Xpertise Recruitment is excited to partner with an innovative player in the financial services sector, and we're on the lookout for a talented Engineering Manager / Integration Lead to join their Technology & Transformation leadership team. This is a unique opportunity to spearhead a brand-new tech capability, driving key technology initiatives and aligning them with broader business goals.

As Engineering Manager, you’ll take on a pivotal leadership role, shaping the future of the organisation’s technology roadmap and fostering a culture of continuous improvement.

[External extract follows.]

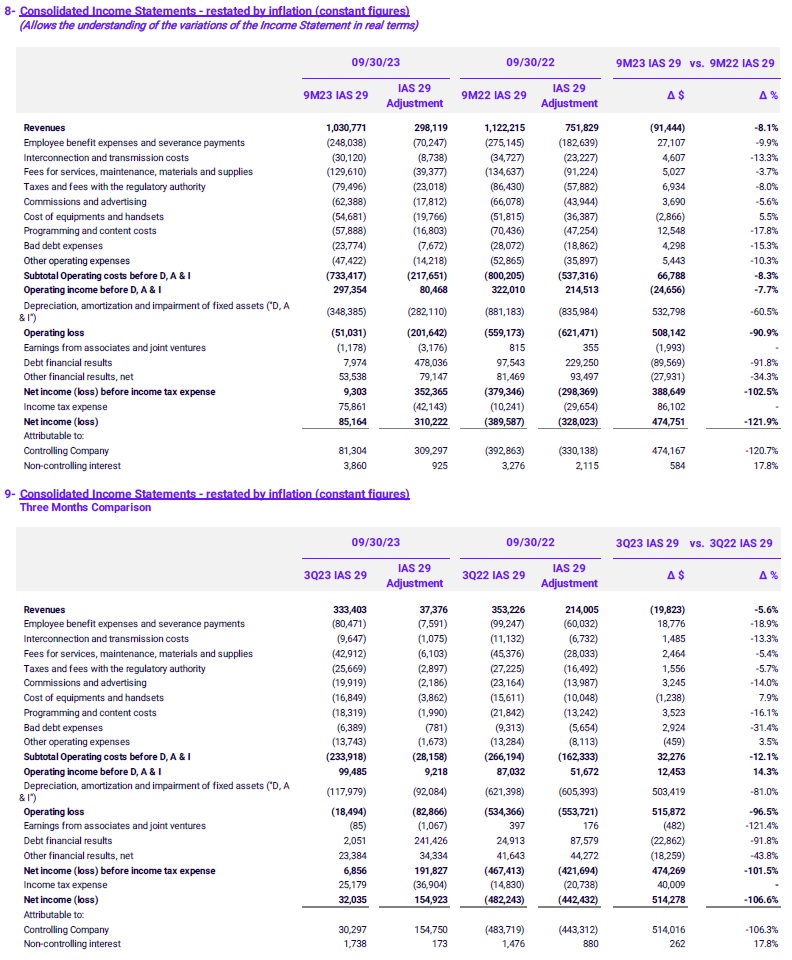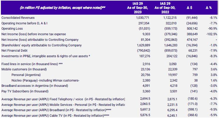 Additionally, broadband ARPU (restated in constant currency as of September 30, 2023) amounted to P$5,687.3 in 9M23 (vs. P$6,295.4 in 9M22). The effect generated by the restatement in terms of the measuring unit as of September 30, 2023, included in the ARPU amounted to approximately P$1,625,7 and P$4,320.1 for the 9M23 and 9M22, respectively.

You’ll focus on driving value-led outcomes and positioning technology as a core business enabler.

This is a rare chance to build a brand-new technology function from scratch. You’ll have the autonomy to shape architecture, lead a talented team, and drive tech-led transformation. You’ll be instrumental in turning this business into a truly modern, technology-driven organisation, with tech at the heart of everything they do.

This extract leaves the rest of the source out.